Background - Xu et al. used a deep neural network (DNN) technique to classify the degree of relatedness between two knowledge units (question-answer threads) on Stack Overflow. More recently, extending Xu et al.’s work, Fu and Menzies proposed a simpler classification technique based on a fine-tuned support vector machine (SVM) that achieves similar performance but in a much shorter time. Thus, they suggested that researchers need to compare their sophisticated methods against simpler alternatives.
Aim - The aim of this work is to replicate the previous studies and further investigate the validity of Fu and Menzies’ claim by evaluating the DNN- and SVM-based approaches on a larger dataset. We also compare the effectiveness of these two approaches against SimBow, a lightweight SVM-based method that was previously used for general community question-answering.
Method - We (1) collect a large dataset containing knowledge units from Stack Overflow, (2) show the value of the new dataset addressing shortcomings of the original one, (3) re-evaluate both the DNNand SVM-based approaches on the new dataset, and (4) compare the performance of the two approaches against that of SimBow.
Results - We find that: (1) there are several limitations in the original dataset used in the previous studies, (2) effectiveness of both Xu et al.’s and Fu and Menzies’ approaches (as measured using F1-score) drop sharply on the new dataset, (3) similar to the previous finding, performance of SVM-based approaches (Fu and Menzies’ approach and SimBow) are slightly better than the DNN-based approach, (4) contrary to the previous findings, Fu and Menzies’ approach runs much slower than DNN-based approach on the larger dataset – its runtime grows sharply with increase in dataset size, and (5) SimBow outperforms both Xu et al. and Fu and Menzies’ approaches in terms of runtime.

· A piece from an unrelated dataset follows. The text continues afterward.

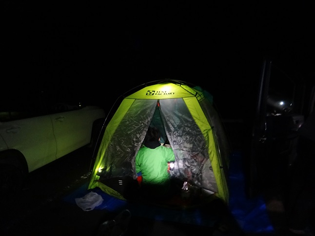 秘密基地にてお酒の会♪ いつものMさんのモツ&鶏皮お鍋に、イノシシ肉、極旨メンマ&komさんのおつまみ からの、T君の焼酎〜赤ワインで泥酔でした(笑) そして2日目・・・朝の気温は0℃! おまけに先行者らしき車(涙) |

This a pre-conference talk for 12th International Symposium on Empirical Software Engineering and Measurement.
Bowen XU is a PhD student at School of Information Systems, Singapore Management University advised by Associate Professor David Lo. He received his M.Eng. in College of Software Technology, Zhejiang University in 2017. His research interests are in software engineering area, especially, mining software repository and automated program repair.